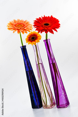 Kolorowe gerbery w smukłych wazonach
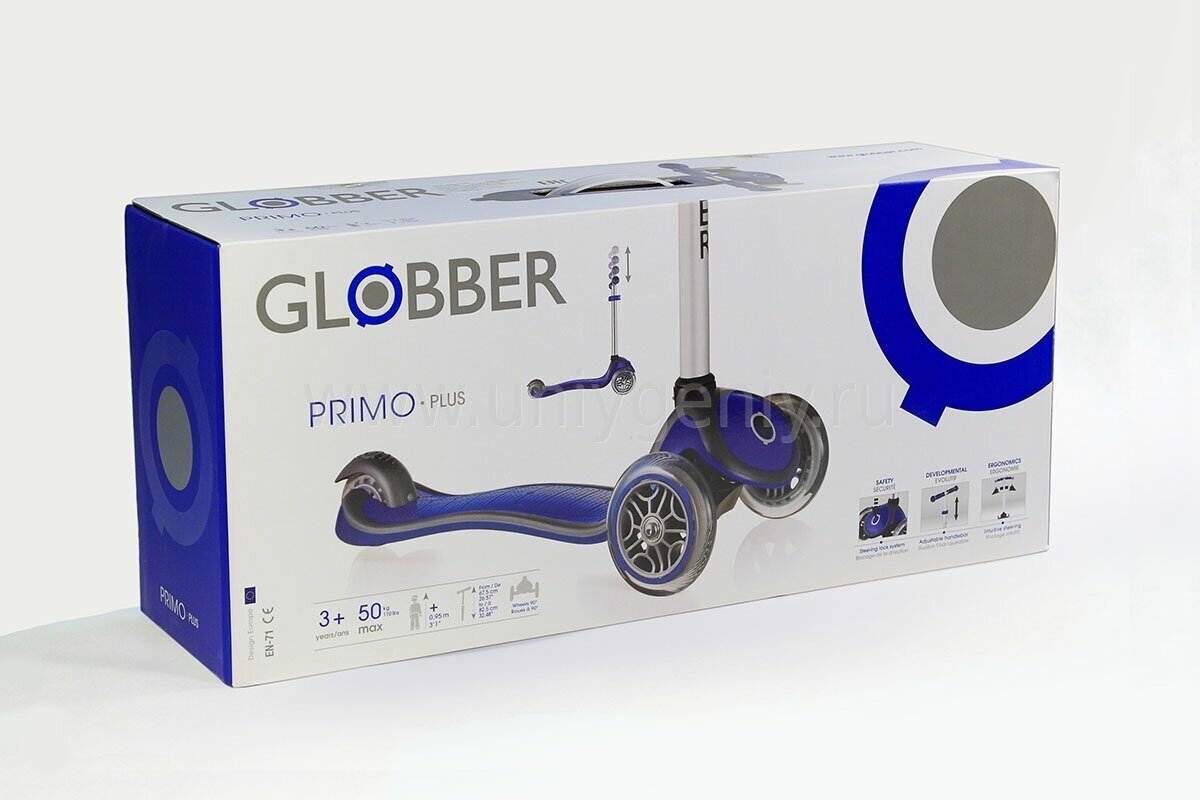 Купить Самокат Globber Primo Plus (Глоббер Примо Плюс) Голубой 440-101
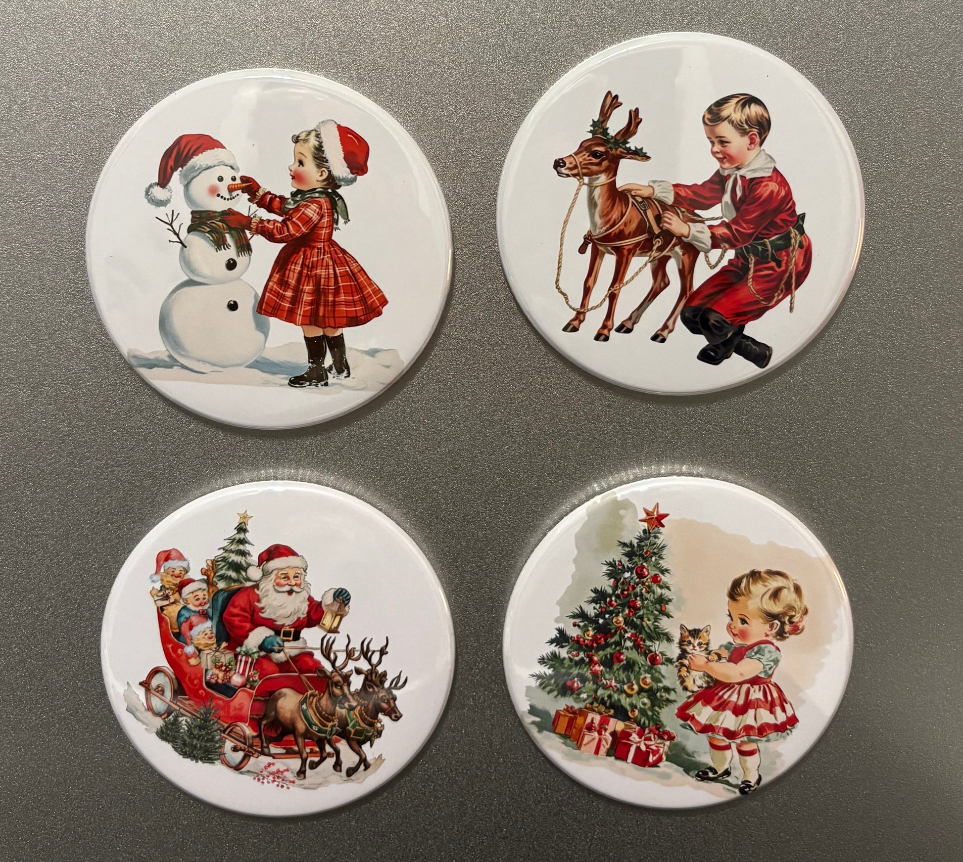 4 magnet set. 3" Round. Christmas Magnets Small Business Saturday SALE!!! $10.00
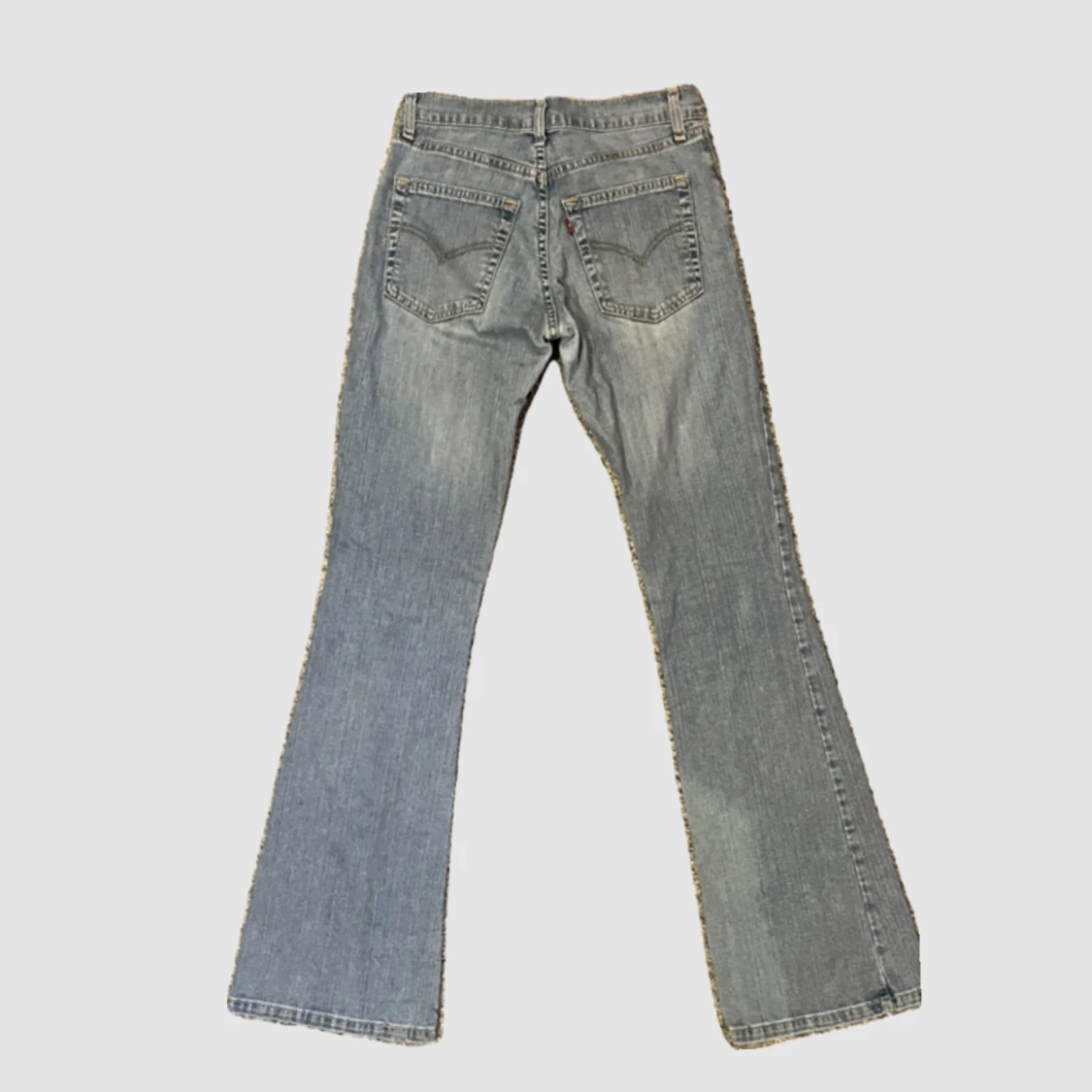 Ett par ljusblå lowwaist bootcut jeans🫶 jätte snygga och sköna 🫶dem är stretchiga ‼️
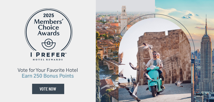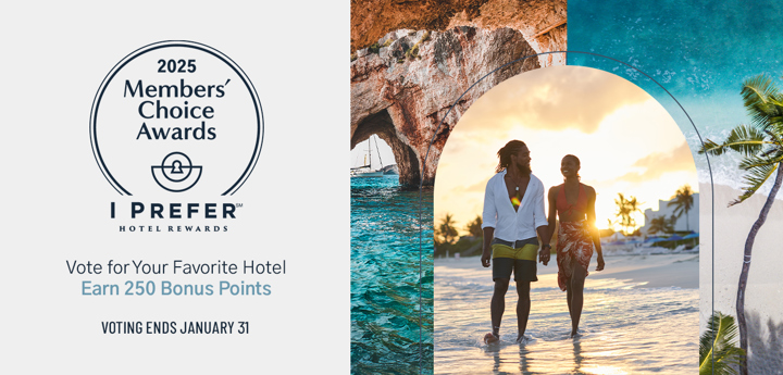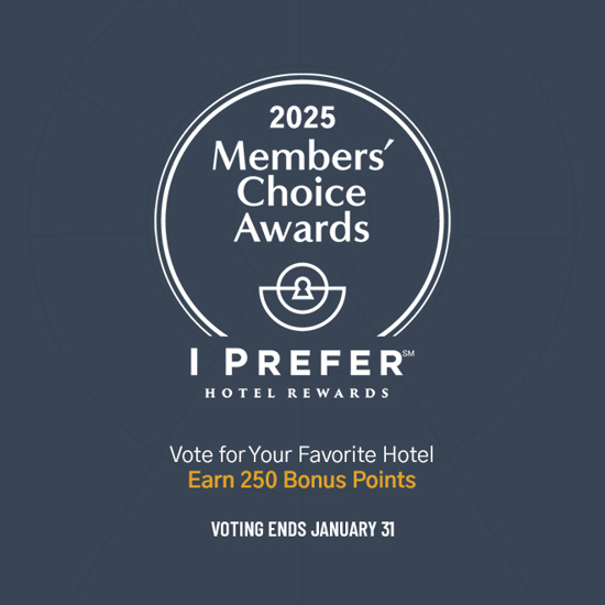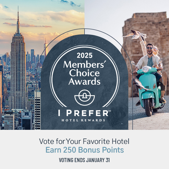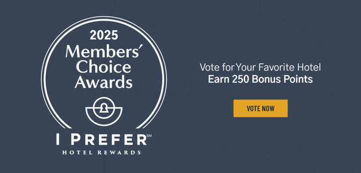 The I Prefer Members' Choice Awards is an annual voting campaign where our travelers vote on their favorite hotels, participating in I Prefer Hotel Rewards.
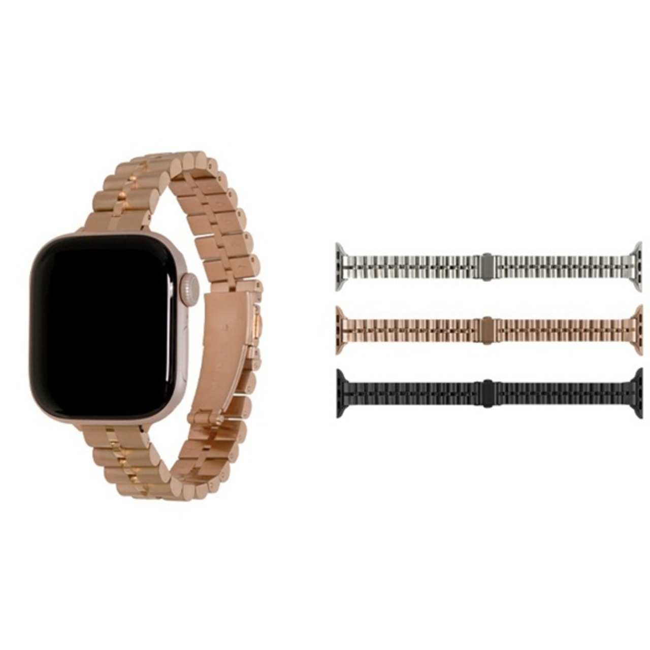 ツヤの異なるステンレスを組み合わせた華やかさなベルトです。細身のデザインで手元はすっきりと見せながら、厚みのあるしっかりした作りで高級感あふれる印象を与えてくれます。スムーズに着用できるバックルを採用。
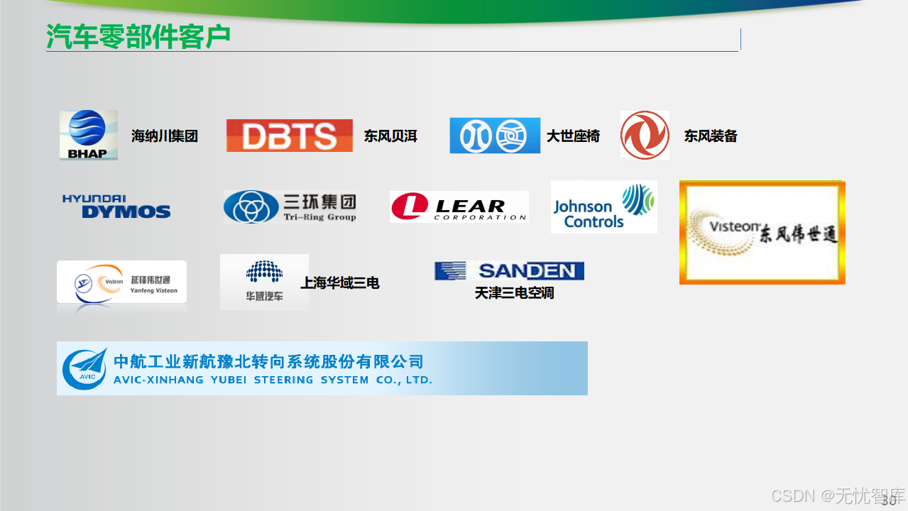 服务商已为动力总成(江铃发动机)、座椅(李尔、江森)、内外饰、车桥、底盘(北京亚太底盘)、汽车电器(东风伟世通)、车身、空调(天津三电)等多个细分领域提供了针对性的解决方案。这意味着,无论你的企业属于哪个赛道,都能找到可借鉴的经验。
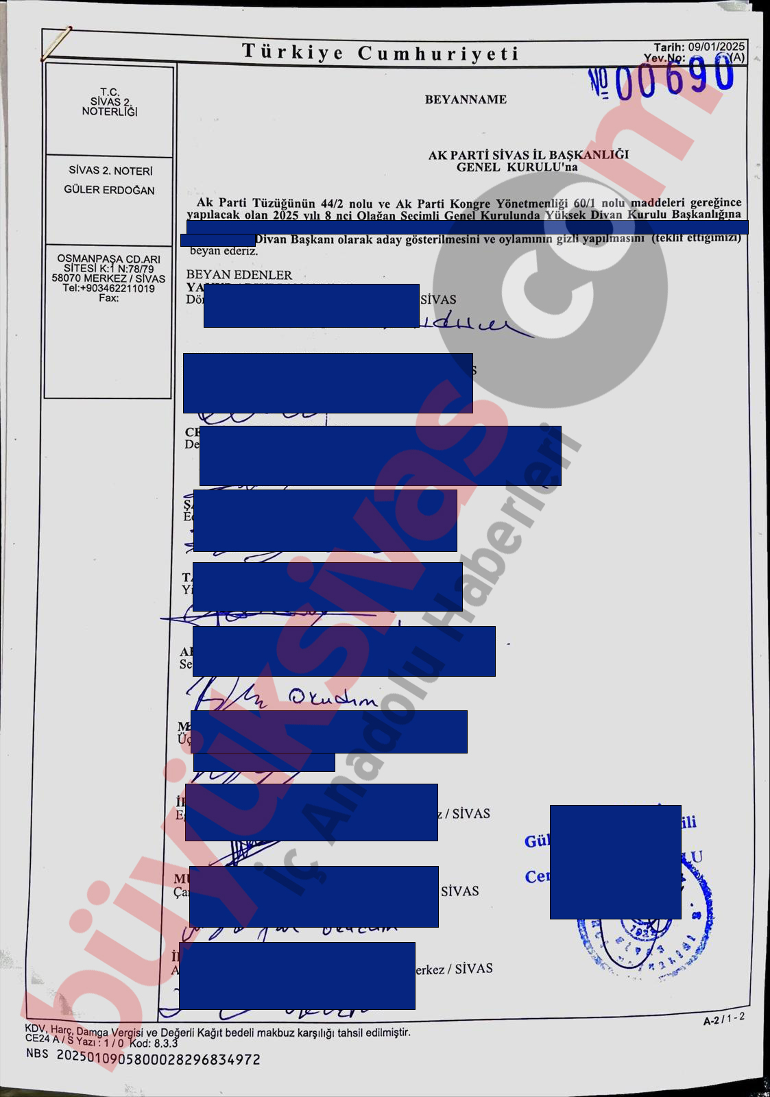 11 Ocak'ta yapılması planlanan AK Parti Sivas 8. Olağan İl Kongresi öncesinde delegeler, Divan Başkanlığı için noter huzurunda imza vermeye devam ediyor. Kongre süreci, AK Parti tüzüğünün 44. maddesine uygun olarak ilerliyor.
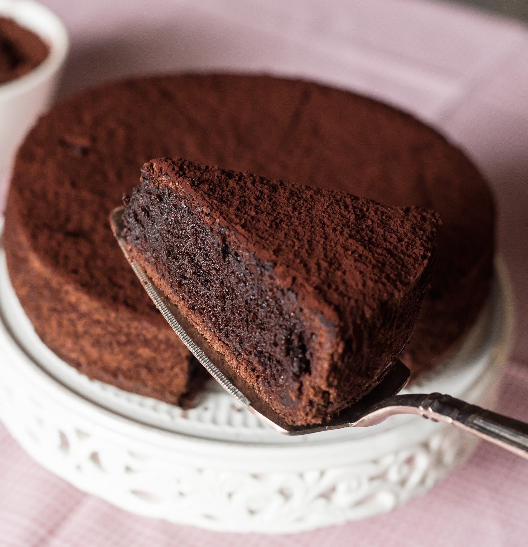 Ciasto w stylu brownie. Wnętrze ciasta wilgotne, czekoladowe, mąkę zastąpiono mielonym orzechem laskowym.
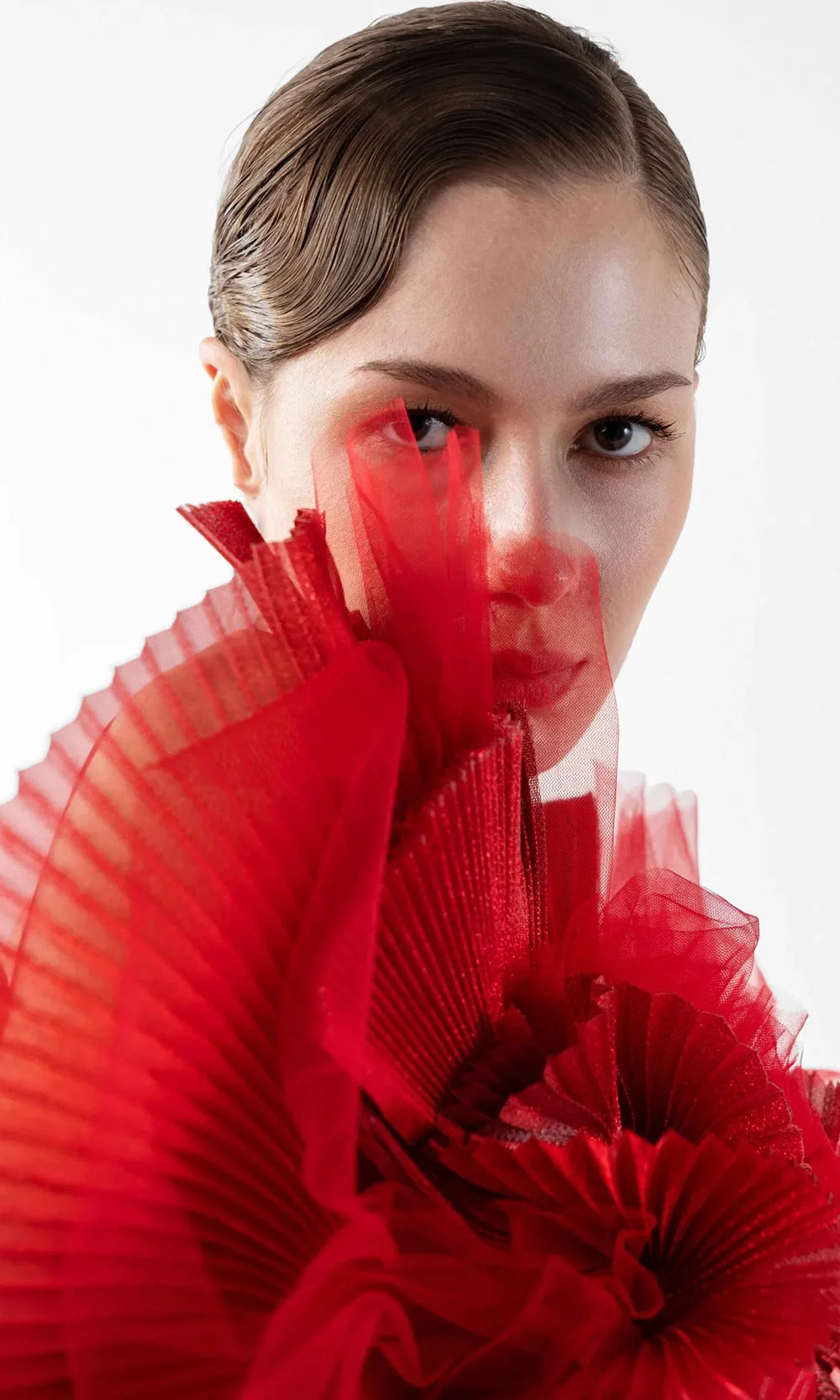Defined by its captivating silhouette, this MNM Couture G2001 gown offers a refreshing take on evening glamour. The bodice is styled with pleated organza and draped tulle in sculptural asymmetry, topped with a sleeveless bateau neckline. A sleek, sheath skirt flows effortlessly into a refined train, ensuring movement remains graceful. The design embraces couture sensibilities, delivering modern drama without overwhelming the wearer. Whether admired from the front or as you walk away, MNM Couture G2001 leaves a lasting impression through its artful structure and impeccable design. Model is wearing Red color.
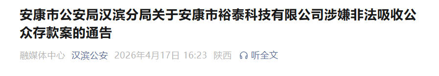4月17日,安康市公安局汉滨分局正式发布通告,敦促“安康市裕泰科技有限公司涉嫌非法吸收公众存款案”相关行为人、协助人主动投案退缴获取的涉案资金,并呼吁未报案的集资参与人限期完成登记。

▶ EXERCISE AIM: Because the pictures are not wanted, retype only the text of every record, exactly as given.

▶ OUTPUT FOR THIS TASK:
 Kolorowe gerbery w smukłych wazonach
 Купить Самокат Globber Primo Plus (Глоббер Примо Плюс) Голубой 440-101
 4 magnet set. 3" Round. Christmas Magnets Small Business Saturday SALE!!! $10.00
 Ett par ljusblå lowwaist bootcut jeans🫶 jätte snygga och sköna 🫶dem är stretchiga ‼️
 The I Prefer Members' Choice Awards is an annual voting campaign where our travelers vote on their favorite hotels, participating in I Prefer Hotel Rewards.
 ツヤの異なるステンレスを組み合わせた華やかさなベルトです。細身のデザインで手元はすっきりと見せながら、厚みのあるしっかりした作りで高級感あふれる印象を与えてくれます。スムーズに着用できるバックルを採用。
 服务商已为动力总成(江铃发动机)、座椅(李尔、江森)、内外饰、车桥、底盘(北京亚太底盘)、汽车电器(东风伟世通)、车身、空调(天津三电)等多个细分领域提供了针对性的解决方案。这意味着,无论你的企业属于哪个赛道,都能找到可借鉴的经验。
 11 Ocak'ta yapılması planlanan AK Parti Sivas 8. Olağan İl Kongresi öncesinde delegeler, Divan Başkanlığı için noter huzurunda imza vermeye devam ediyor. Kongre süreci, AK Parti tüzüğünün 44. maddesine uygun olarak ilerliyor.
 Ciasto w stylu brownie. Wnętrze ciasta wilgotne, czekoladowe, mąkę zastąpiono mielonym orzechem laskowym.
Defined by its captivating silhouette, this MNM Couture G2001 gown offers a refreshing take on evening glamour. The bodice is styled with pleated organza and draped tulle in sculptural asymmetry, topped with a sleeveless bateau neckline. A sleek, sheath skirt flows effortlessly into a refined train, ensuring movement remains graceful. The design embraces couture sensibilities, delivering modern drama without overwhelming the wearer. Whether admired from the front or as you walk away, MNM Couture G2001 leaves a lasting impression through its artful structure and impeccable design. Model is wearing Red color.
4月17日,安康市公安局汉滨分局正式发布通告,敦促“安康市裕泰科技有限公司涉嫌非法吸收公众存款案”相关行为人、协助人主动投案退缴获取的涉案资金,并呼吁未报案的集资参与人限期完成登记。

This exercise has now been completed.